Source material:
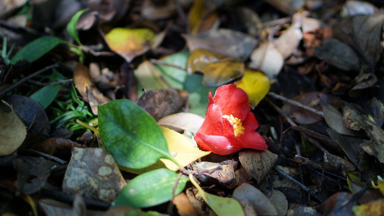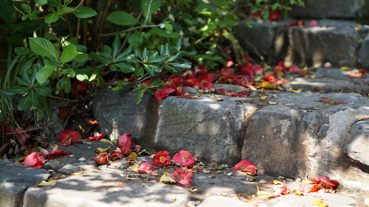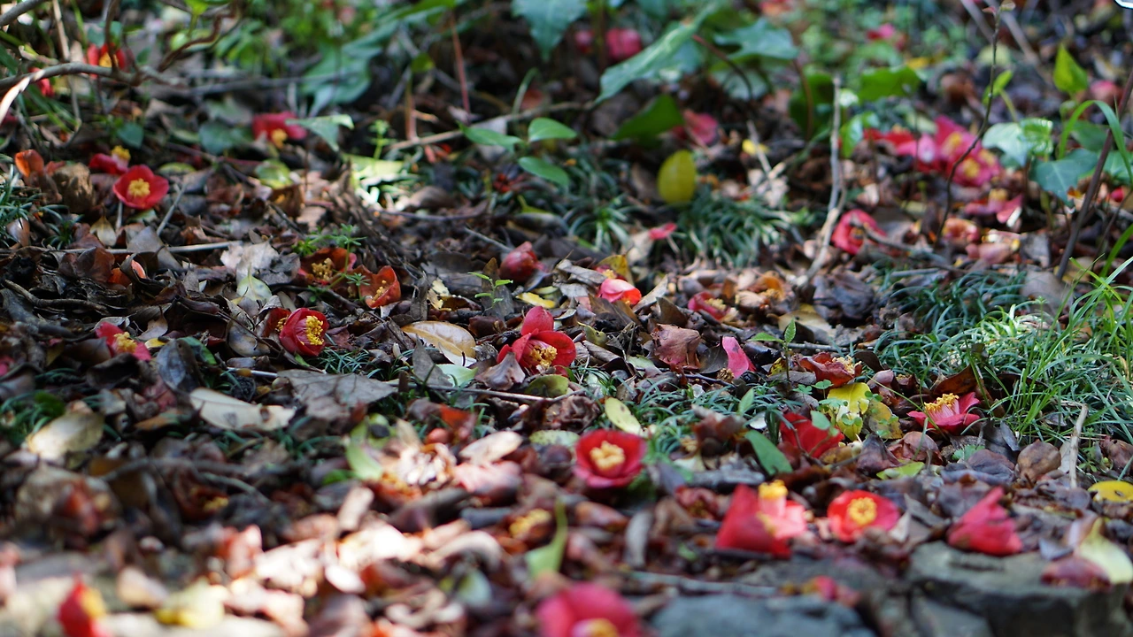 동백 터... 터... 동백이 진 동백 터널이 나옵니다.
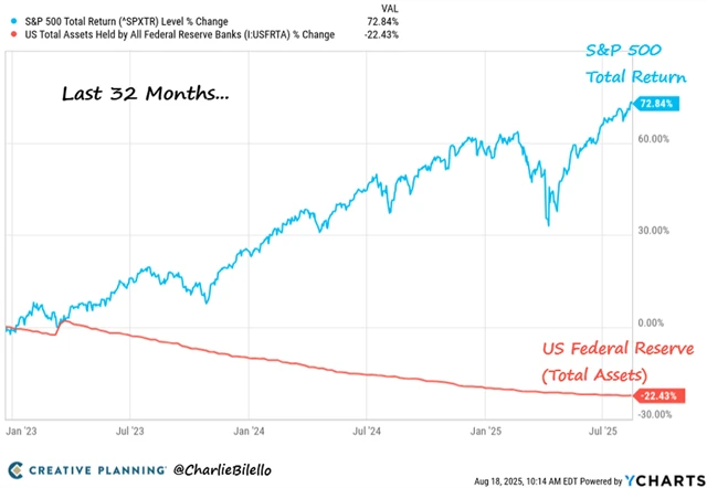Že pokles bilance Fedu je důvod k poklesu cen akcií v USA.
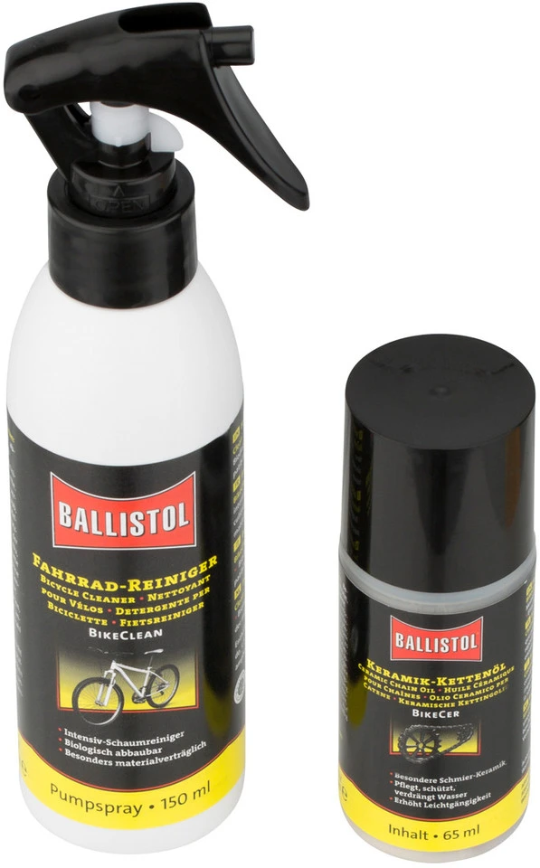 Mit dem Fahrradpflege-Set von Ballistol reinigst Du Dein Bike und schmierst und pflegst Deine Kette und die übrigen Antriebskomponenten.
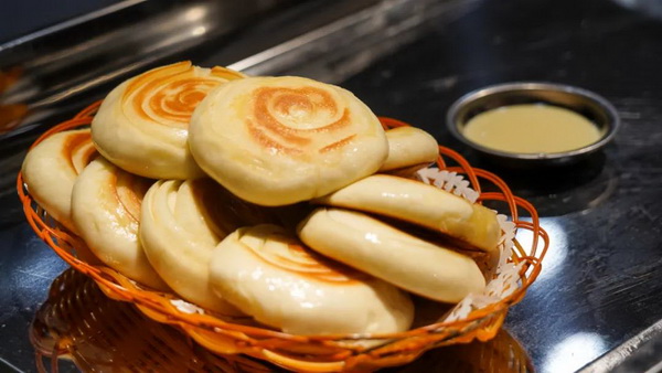 面粉中加入黄油、炼乳,巧手和面,待饧发合适,擀成均匀的方形面皮,刷上黄油起酥,辗转曲卷成卷,挥刀切成小段,揪剂子,按压成圆饼,上锅蒸12分钟后取出,用油煎至金黄。盛到盘中,一圈一圈盘旋而成,色黄而油润,搭配炼乳一起吃,外酥脆而内喧软,黄油香气沁人心脾,既有传统中式盐酥饼之香,又有西式糕点之浓郁。
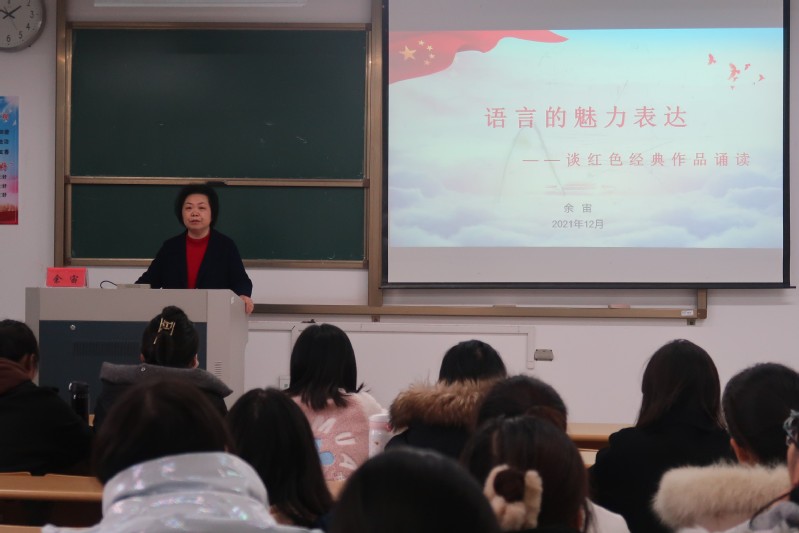 12月8日下午,国家级普通话测试员、南通市朗诵学会副会长、南通市教育局副调研员余宙应邀为h小说 h小说 师生做了题为“语言的魅力表达——谈红色经典作品诵读”的专题讲座,70余名小学教育、学前教育专业学生参加了本次讲座。
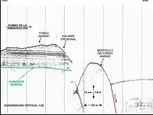 Como parte de la zona de fallas mayores se encuentran escarpes en formas de arcos, asociados con deslizamientos submarinos que parecen activos (Fig. 6). Los escarpes de gran magnitud están conectados y tienen longitudes de aproximadamente 1 km, desplazamientos hacia el noreste y alturas que van desde 20 m hasta 29 m. Hay escarpes menores en forma de arco, que no están conectados. Tienen longitudes de aproximadamente 250 m, desplazamientos hacia el noreste, a aproximadamente 450 m al este de los otros y con alturas de 5 m y 6 m. Los sedimentos asociados con los deslizamientos se movieron hacia abajo casi cohesivamente, aunque los horizontes están claramente alterados. El espesor de estos sedimentos se encuentra en el orden de 18 m. Los escarpes menores en forma de arcos están conectados al sur-sureste del área. Datos de sonar de barrido lateral y penetrador de fango adquiridos en el área sugieren que esta zona se encuentra al comienzo del deslizamiento de los escarpes y se ve una separación menor con coherencia de los horizontes internos. Se determinó que los deslizamientos se formaron en una sucesión de fallas desplazadas por terremotos.
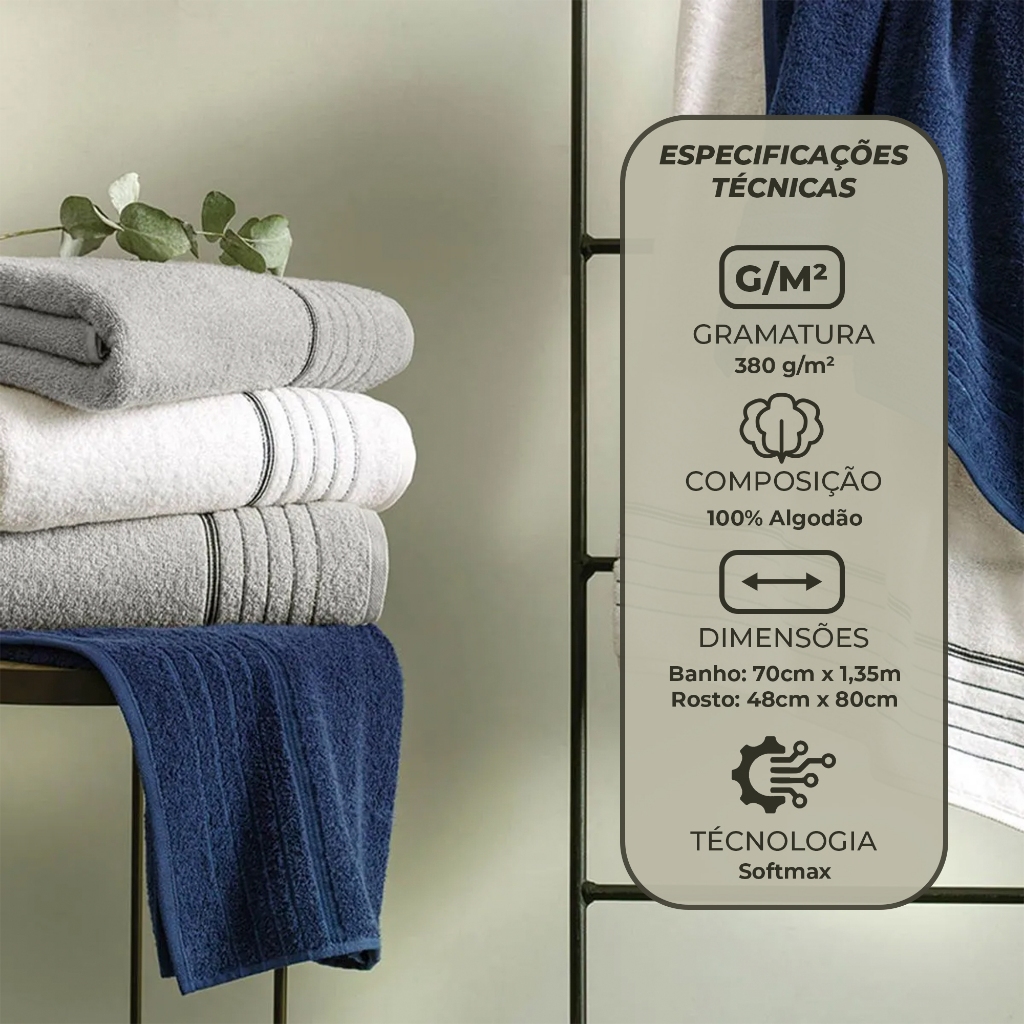 Jogo Toalha De Banho Karsten Macia E Grossa 100% Algodão Kit Banho e Rosto Barrado Bressan
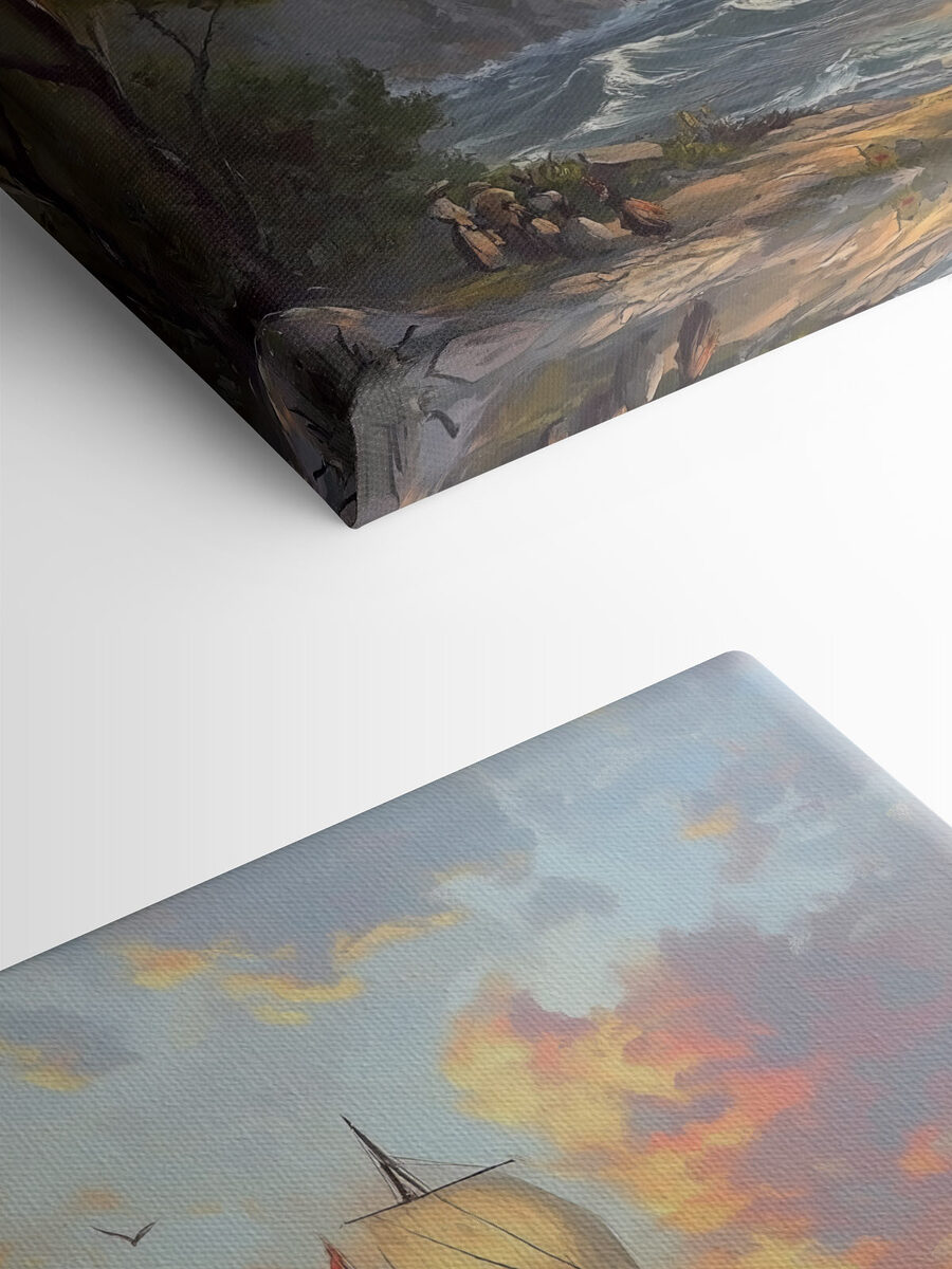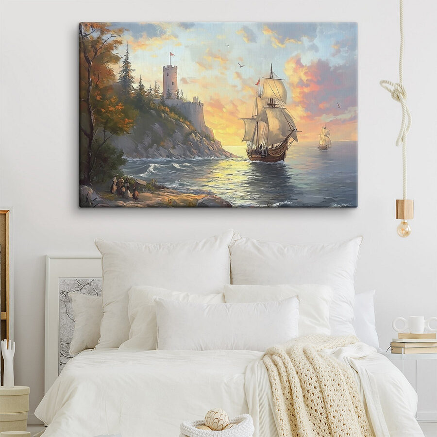 Stellen Sie sich dieses atemberaubende Leinwandbild an Ihrer Wand vor, das ein Schiff zeigt, das anmutig über schimmernde Gewässer unter einem atemberaubenden Himmel segelt. Es ist wie ein Fenster zum Meer und bringt ein Stückchen Abenteuer direkt in Ihr Wohnzimmer. Stellen Sie sich vor, wie Ihre Freunde vorbeischlendern und sich in den Farben verlieren – sanfte Blautöne, warme Orangetöne und überall ein Hauch von Natur. Perfekt für die eine Wand, die ein wenig Liebe braucht, oder als beruhigender Blickfang in einer gemütlichen Ecke, verleiht dieses Stück nicht nur Charme, sondern lädt auch zu Tagträumen von fernen Küsten und Meeresbrisen ein. Auf jeden Fall ein Gesprächsanlass!
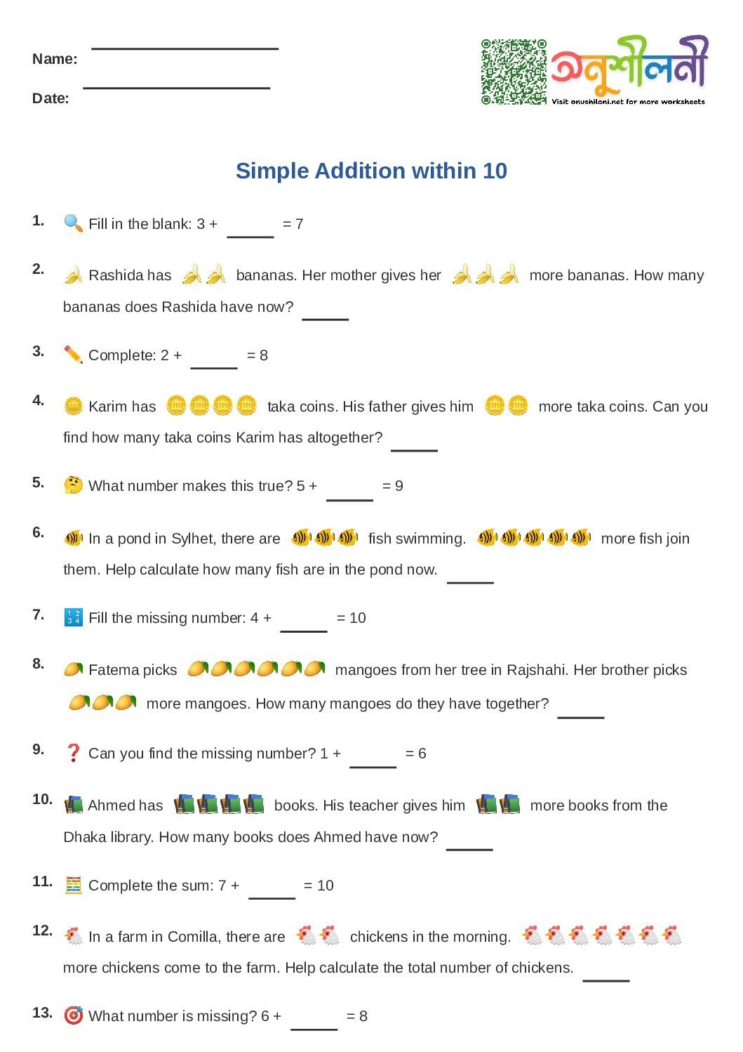 G1-Simple Addition within 10-Fill the Blank-Story Sums
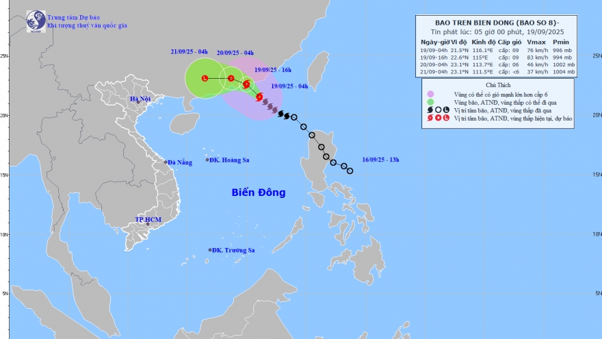 VOV.VN - Theo Trung tâm dự báo khí tượng thủy văn, hồi 13h ngày 19/9, tâm bão số 8 ở khoảng 22,6 độ Vĩ Bắc; 115,2 độ Kinh Đông, trên vùng ven biển tỉnh Quảng Đông (Trung Quốc), cách Hồng Kông khoảng 120km về phía Đông. Sức gió mạnh nhất cấp 9 (75-88 km/h), giật cấp 11.
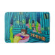 La foto de esta alfombra de baño tiene dos sirenas y un hombre relajándose en su pueblo arbolado cerrado, escondido en las profundidades más oscuras del océano. Si vas por un tema oceánico en tu baño, esto sería perfecto.
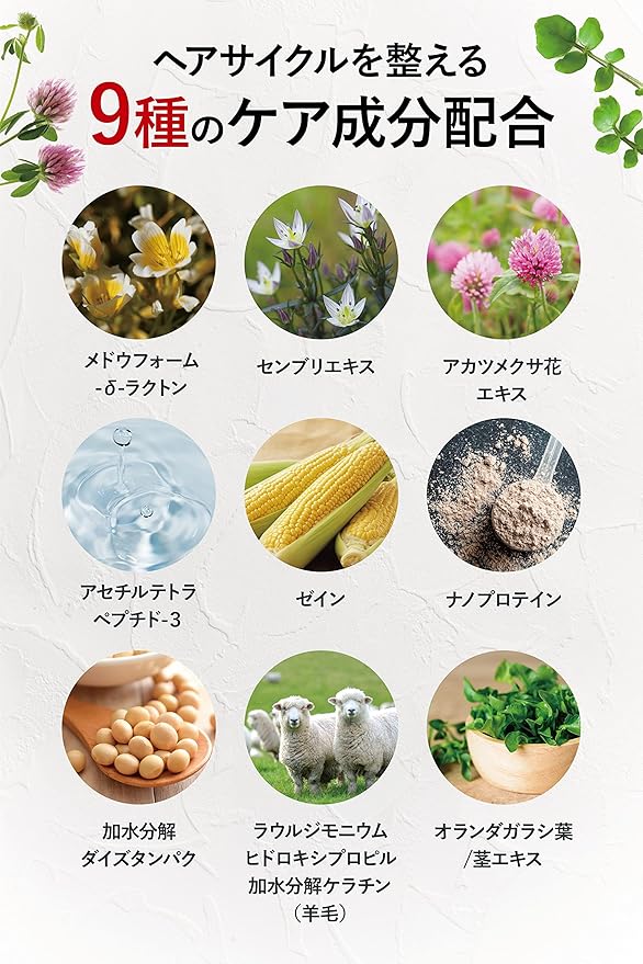 ✅【9種のヘアサイクルを整える成分と7種のうるおい成分配合】9種の成分がヘアサイクルを整えます。特に「オランダガラシ」は頭皮や毛髪を健やかに保つサポートをします。さらに7種のうるおい成分が紫外線や洗浄力の強いにより乾燥した頭皮や毛髪に水分を補給します。
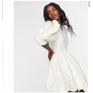 sister jane dress, puff sleeve mini dress, white jacquard dress, bridal shower outfit, elegant wrap dress, romantic style, statement sleeves, vintage inspired, cocktail party dress, modern feminine
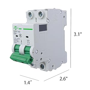 AC Miniature Circuit Breaker, 2 pole 50 Amp, 12-240VAC, 6kA Din Rail Mount Breaker with Thermal Magnetic Trip, DZ47-63 2P, AC Solar MCB

Task directions: Print the lines from the beginning of the records up to and including the line containing "面粉中加入黄油、炼乳,巧手和", word for word, with no pictures.

Result below:
 동백 터... 터... 동백이 진 동백 터널이 나옵니다.
Že pokles bilance Fedu je důvod k poklesu cen akcií v USA.
 Mit dem Fahrradpflege-Set von Ballistol reinigst Du Dein Bike und schmierst und pflegst Deine Kette und die übrigen Antriebskomponenten.
 面粉中加入黄油、炼乳,巧手和面,待饧发合适,擀成均匀的方形面皮,刷上黄油起酥,辗转曲卷成卷,挥刀切成小段,揪剂子,按压成圆饼,上锅蒸12分钟后取出,用油煎至金黄。盛到盘中,一圈一圈盘旋而成,色黄而油润,搭配炼乳一起吃,外酥脆而内喧软,黄油香气沁人心脾,既有传统中式盐酥饼之香,又有西式糕点之浓郁。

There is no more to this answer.